## EXERCISE AIM:
Locate the line that contains "tahsis edilen sağ" in the data that follows. Copy it and every subsequent line to the end, exactly, excluding pictures.

## GIVEN MATERIAL:
* * * * *

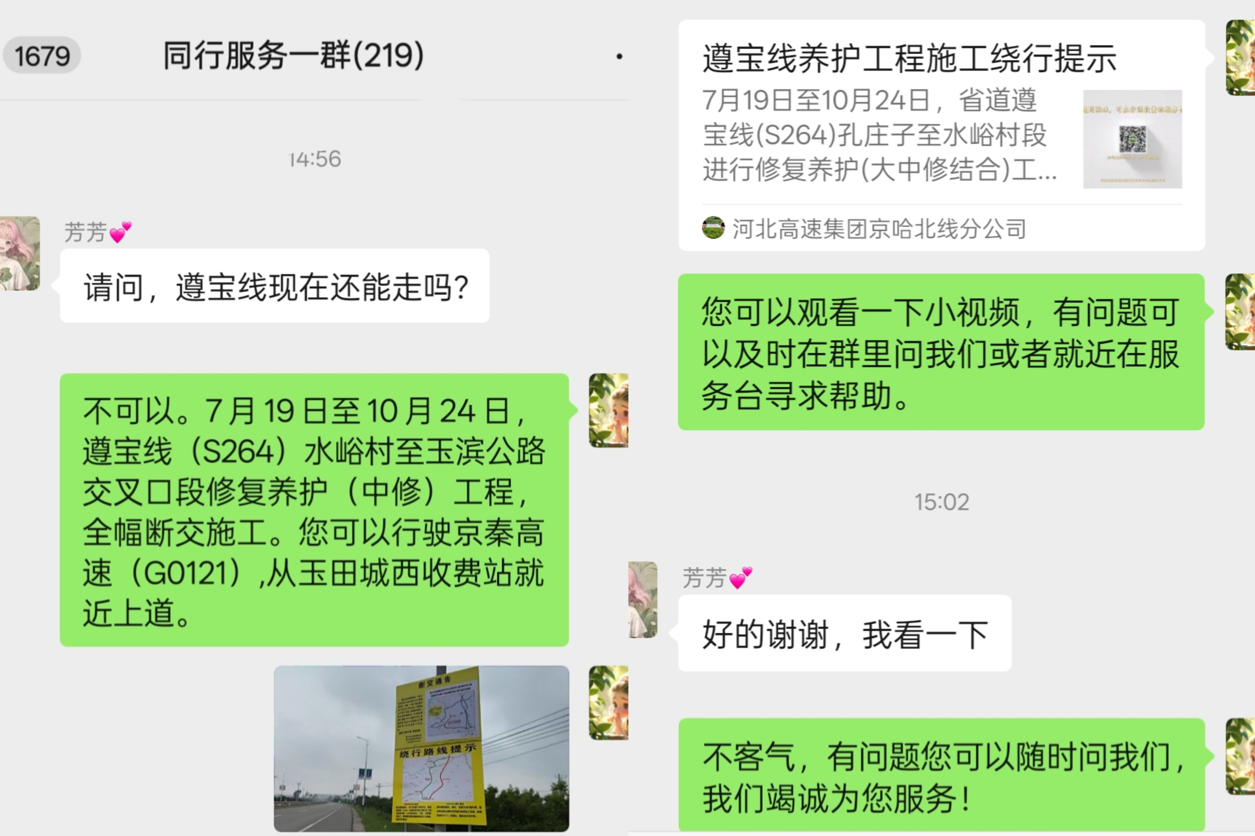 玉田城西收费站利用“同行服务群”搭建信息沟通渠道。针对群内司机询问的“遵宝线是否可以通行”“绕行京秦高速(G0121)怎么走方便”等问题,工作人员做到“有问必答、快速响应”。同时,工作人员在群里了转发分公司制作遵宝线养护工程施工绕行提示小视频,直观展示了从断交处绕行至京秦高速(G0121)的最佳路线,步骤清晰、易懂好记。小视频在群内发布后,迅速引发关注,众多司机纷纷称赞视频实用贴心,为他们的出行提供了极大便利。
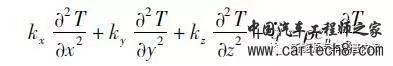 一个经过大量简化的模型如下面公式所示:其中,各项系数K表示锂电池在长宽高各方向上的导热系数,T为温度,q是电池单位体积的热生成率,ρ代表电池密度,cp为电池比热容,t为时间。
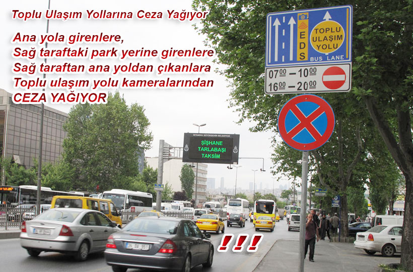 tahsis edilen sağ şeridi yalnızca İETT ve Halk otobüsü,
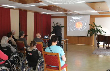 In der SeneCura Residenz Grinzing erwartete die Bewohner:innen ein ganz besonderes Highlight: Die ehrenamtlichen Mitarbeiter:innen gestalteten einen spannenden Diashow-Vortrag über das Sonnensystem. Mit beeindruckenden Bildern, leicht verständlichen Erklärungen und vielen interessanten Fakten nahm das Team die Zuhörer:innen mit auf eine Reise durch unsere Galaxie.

* * * * *

## RESULT:
 tahsis edilen sağ şeridi yalnızca İETT ve Halk otobüsü,
 In der SeneCura Residenz Grinzing erwartete die Bewohner:innen ein ganz besonderes Highlight: Die ehrenamtlichen Mitarbeiter:innen gestalteten einen spannenden Diashow-Vortrag über das Sonnensystem. Mit beeindruckenden Bildern, leicht verständlichen Erklärungen und vielen interessanten Fakten nahm das Team die Zuhörer:innen mit auf eine Reise durch unsere Galaxie.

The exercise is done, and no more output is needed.